A duecentoundici da casa c’era il campo da tennis, che d’inverno lo chiudevano. Le era caduto un bottone del cappotto, proprio lì davanti, e si era chinata per raccoglierlo. Non si era accorta che lui le stava dietro. L’aveva spinta contro la ringhiera, le era caduto il bottone di mano. Dopo, si era ritrovata con le ginocchia a terra, con lui che la tirava per le braccia. Superato il cancello, aperto e scardinato, le aveva tirato uno sberlone che l’aveva fatta cadere fra la sedia dell’arbitro, quella alta di ferro, e il paletto della rete.
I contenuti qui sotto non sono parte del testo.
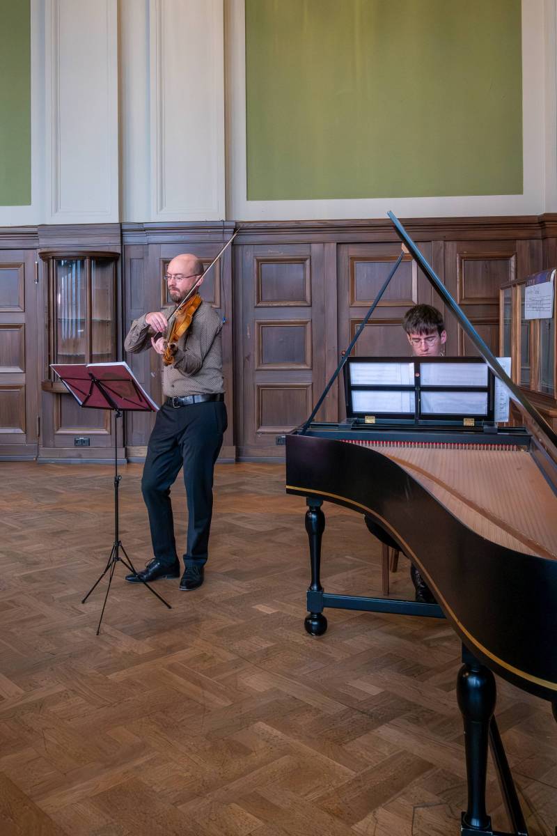 Nach einem improvisierten Präludium für Cembalo solo in d-Moll, dessen Affekt vom Publikum gewählt wurde – verliebt (natürlich unglücklich, laut Schick) –, bietet uns Matthieu Camilleri ein wunderschönes Violinsolo. Er führt das von Martin Erhardt komponierte Thema in einer Fuge aus und verbindet auf wunderbare Weise Polyphonie mit Doppelgriffen, subtilen harmonischen Verläufen und strikter Einhaltung des Rhythmus des Themas. Eine improvisatorische Meisterleistung, die das Publikum begeisterte.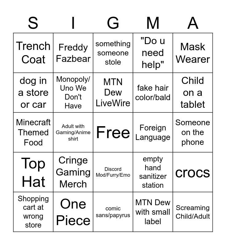 This bingo card has a free space and 41 words: Empty/Opened Drink, Minecraft Themed Food, Video Game Tie-In Beverage, Monopoly/ Uno We Don't Have, One Piece, Discord Mod/Furry/Emo, MTN Dew LiveWire, French Bulldog, Mask Wearer, Top Hat, Adult with Gaming/Anime shirt, "Do u need help", Screaming Child/Adult, Someone on the phone, Foreign Language, Cringe Gaming Merch, Sunglasses Indoors, Trench Coat, Walking while eating, something someone stole, crocs, live. laugh. love., comic sans/papyrus, fake hair color/bald, vandalism, someone's mom said no, MTN Dew with small label, Hatsune Miku, Child on a tablet, Homeless Dude, License plate from out of new england/northeast, Freddy Fazbear, Shopping cart at wrong store, someone's phone being loud, empty hand sanitizer station, dog in a store or car, mtn dew summer freeze, group of friends, rainbow friends, "sea food" in a store that it doesnt belong and anime sticker on a car.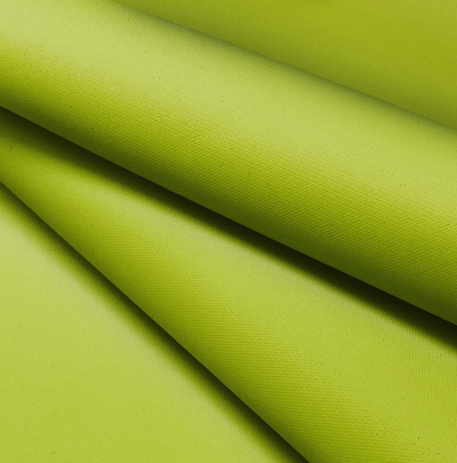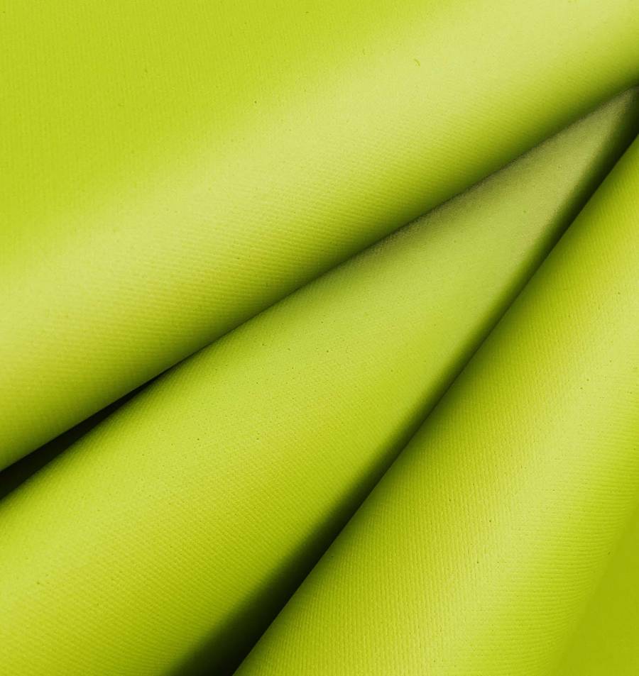 La tela base es la Tela Impermeable - Outdoor, un tejido técnico compuesto al 100% de poliéster con un gramaje de 200 gr/m2 y un ancho de 150 cm. Su color liso impreso es verde ácido, una tonalidad fresca y vibrante. Su CMYK es 42 9 100 0, lo que indica una predominancia de la tinta amarilla y una baja utilización de la tinta magenta, lo que contribuye a un tono más cálido y luminoso. El conjunto crea un efecto llamativo y moderno que combina especialmente bien con grises, colores tierra y marrones oscuros. El tejido está impreso con el color liso a una sola cara por impresión digital textil.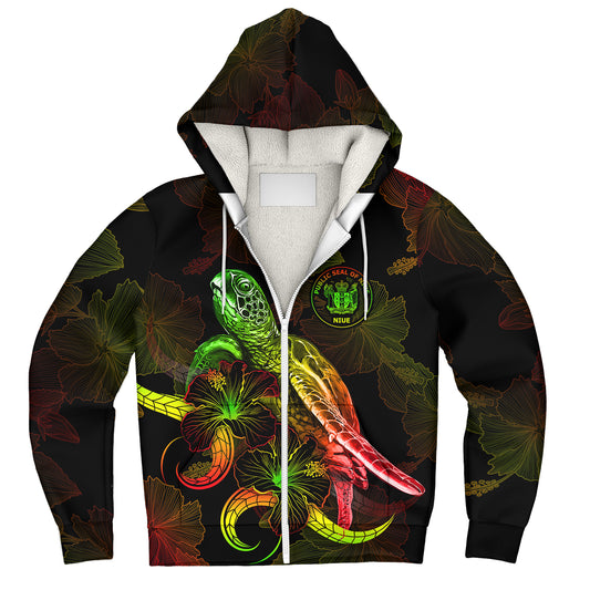 Niue Sherpa Hoodie Sea Turtle With Blooming Hibiscus Flowers Reggae
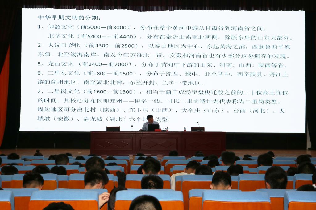 5月26日下午,我校人文大講堂第一期在西報告廳隆重開講。山東師范大學呂文明教授應邀做專題講座。院長秦河出席并為呂文明教授頒發客座教授聘書。講座由人文與基礎課教學部主任趙龍主持。人文與基礎課教學部教師代表,各書院輔導員及學生代表參加了講座。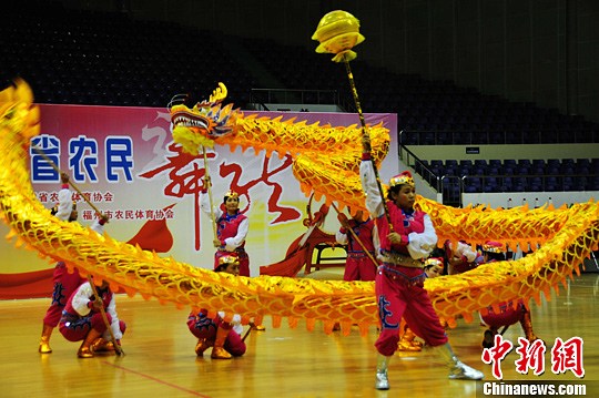 当日,福建省首届农民舞龙比赛在福州体育馆开幕,来自全省9个地市的9支代表队共100余人参加比赛。本次比赛分为规定套路比赛、自选套路比赛和竞速舞龙比赛三个项目。据了解,各地代表队基本上是以舞龙基础较好的村为单位、以农民为主体,进行专门培训后再参加比赛。

Una macchia rosso scuro era sbocciata sul davanti del cappotto chiuso e si era allargata sul bianco della neve tutto intorno. Le teneva i polsi pressati a terra, li sentiva raschiare mentre lui cercava il portafoglio in borsa. Si era messa a contare, così, per abitudine. Al ventisette le era arrivato un altro schiaffo e le aveva mollato i polsi. Al trecentoquarantasette, ancora distesa, fra un numero e l’altro le era venuto in mente che si era truccata. Che non aveva fatto il secondo giro per controllare. Che le era caduto il bottone. Se l’era proprio cercata, quel giorno.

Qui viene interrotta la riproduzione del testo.